Very interesting. The integral [tex] \int^\infty_{-\infty}e^{2\pi ikx} dx [/tex] does in some ways behave like a delta function. And the delta function is an ideal function. However it's own Fourier transform is an exponential, which is a real funtion. The Fourier transform as an operator on Hilbert space is unitary, and squares to -1. Neither the delta function nor the exponential function are in Hilbert space, the latter because it doesn't satisfy boundary conditions, and the former because it isn't even a funtion. The idea is very informal and lacks rigour. I have never seen it given a rigorous basis.HallsofIvy said:Suppose you were to ask for the Fourier Series for f(x)= cos(x)?
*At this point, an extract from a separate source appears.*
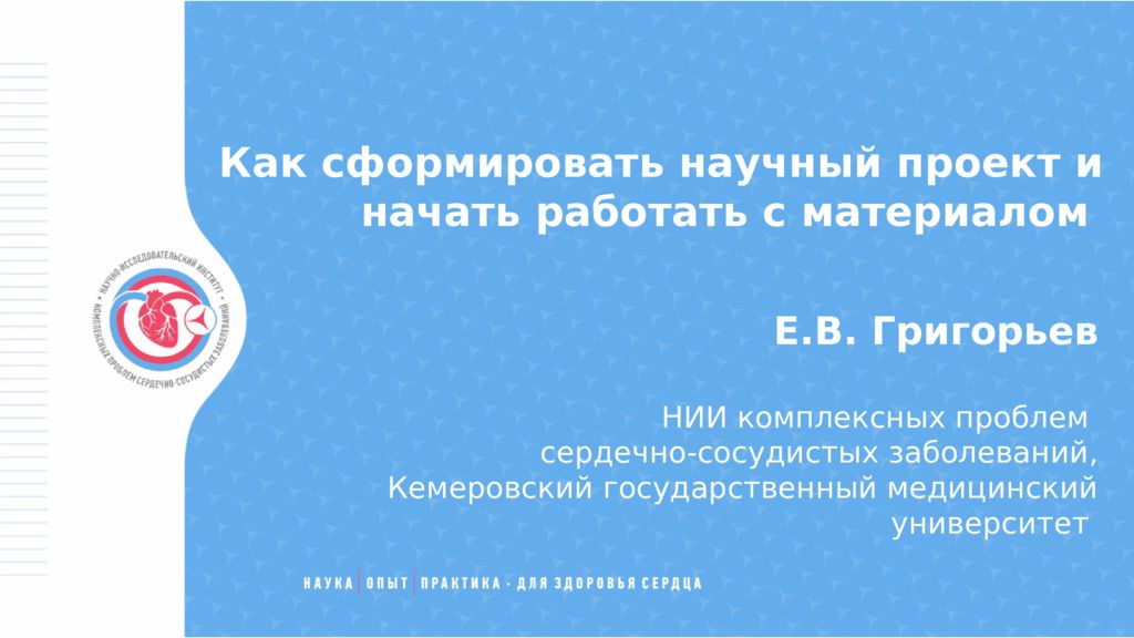 Как сформировать научный проект и начать работать с материалом Е.В. Григорьев НИИ комплексных проблем сердечно-сосудистых заболеваний, Кемеровский государственный медицинский университет

Since the Fourier Series is, by definition, a sum of sines and cosines that add to f(x).
Since f(x)= cos(x), its Fourier series coefficients are just a1= 1, all other coefficients are 0. The delta "function" (it's really a "distribution" or "generalized function") is the functional version of that.
The Fourier transform of exp(ix) is a delta function because it represents a pure sinusoidal wave with a frequency of x. This means that all other frequencies are zero, resulting in a single spike at the frequency x in the frequency domain, which is the definition of a delta function.
The Fourier transform of exp(ix) demonstrates the properties of the Fourier transform, such as linearity, time and frequency shifting, and convolution. It also shows the duality between the time and frequency domains, as the delta function in the frequency domain corresponds to a pure sinusoidal wave in the time domain.
The Fourier transform of exp(ix) is essential in signal processing because it allows us to decompose signals into their constituent frequencies. This is useful in analyzing signals, filtering out unwanted frequencies, and designing communication systems.
Yes, the Fourier transform of exp(ix) is a special case of the Fourier transform and can be generalized to other functions. It is a fundamental tool in mathematics and has various applications in physics, engineering, and other fields.
The Fourier transform of exp(ix) is orthogonal to all other functions in the frequency domain, except for multiples of itself. This is because it represents a pure sinusoidal wave with a single frequency, which is orthogonal to all other frequencies. This property is crucial in the analysis of signals and systems, where orthogonality is used to simplify calculations and find unique solutions.